Martin laughs. "Maybe coffee?"

"Oh, I never feel like coffee," Jim confides, "but I do frequently feel like drinking it."

Martin nods and raises his hand to flag down the waiter, but Jim catches his wrist.

Quick reflexes, Martin notes.

"I especially feel like drinking it back at mine," says Jim, fixing him in place with a look so sharp it might have been a glare if it weren't for the undercurrent of something else Martin thinks he can identify.

"I've actually got to be getting back soon," says Martin, and it's not quite an instinct, but he knows he really, really should.

Jim's running his finger up Martin's wrist, and Martin's not sure why, but he thinks of fire ants. When they leave the restaurant—Angelo's, Martin notes—he finds he can't remember either of them having paid.

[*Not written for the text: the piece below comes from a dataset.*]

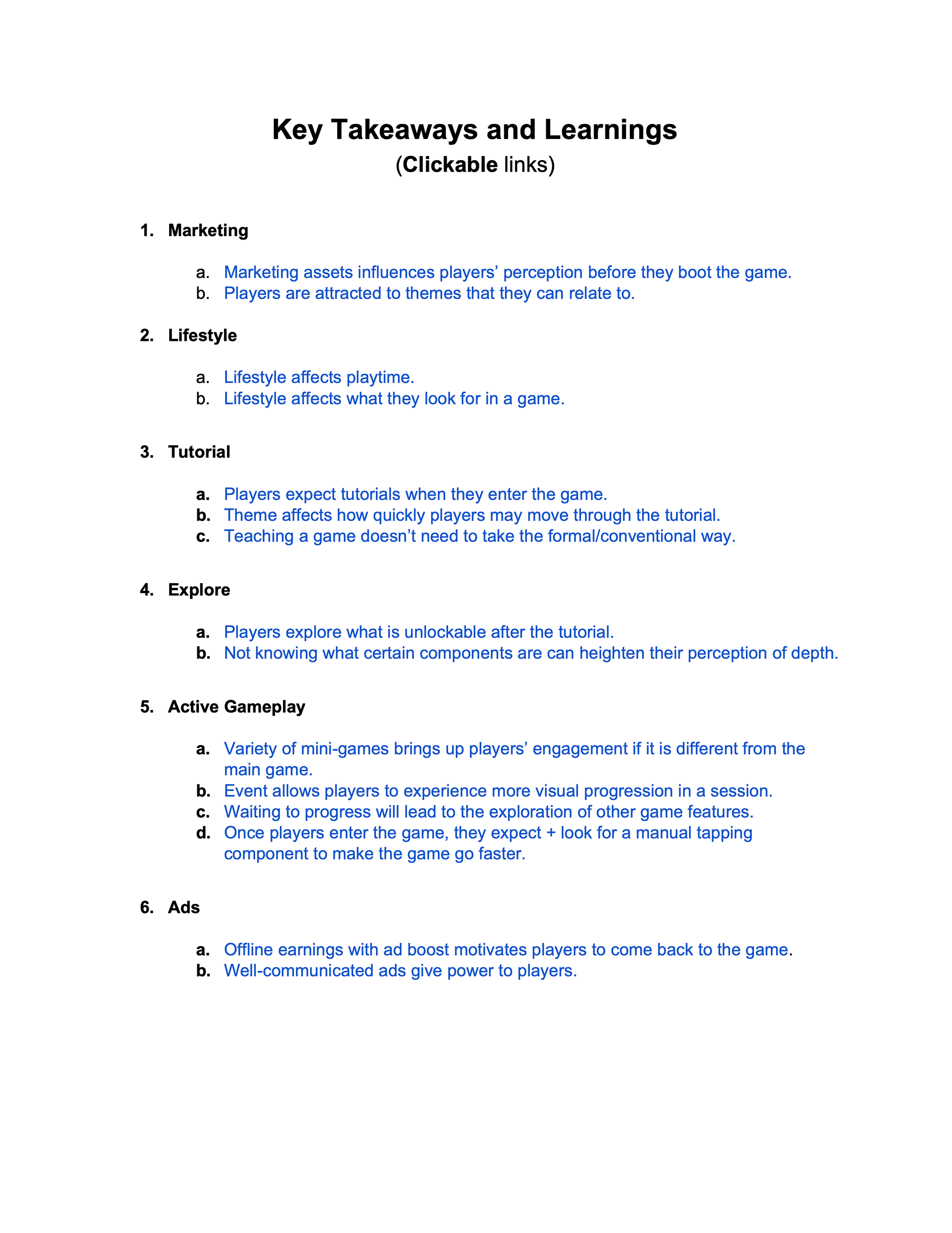 I wanted to help the game teams create a successful idle game from scratch. As a result, I took initiative and created this playbook as the sole UX researcher.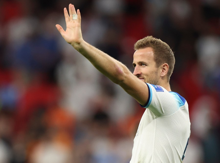 Harry Kane waves after the Group B match between Wales and England at the 2022 FIFA World Cup at Ahmad Bin Ali Stadium in Al Rayyan, Qatar on Nov. 29, 2022. (Xinhua/Han Yan)

Across town and upstairs, Martin's head hits the back of the door and he's breathing Jim and it's barely enough and also far, far too much. He grabs at delicate, small fingers only to have them slip away and pin his own wrists to his sides. The shorter man is biting at his neck; his collarbone, sucking on his lower lip, and Martin fights back and thinks of black and blue and the heat spiraling down into his groin. He manages to break Jim's hold and reverses their positions, slamming Jim into the door, a satisfying crack and Jim growls and Martin closes his eyes and whispers, "bedroom."

Jim breaks from the door, pulling Martin by the wrist and his shoulder almost slips out of its socket and then they're on the bed and Martin wonders if this is what all those shy exchanges really meant, fingers tracing the outline of bone and a bite for every blush and it's strange, but he's not blushing now.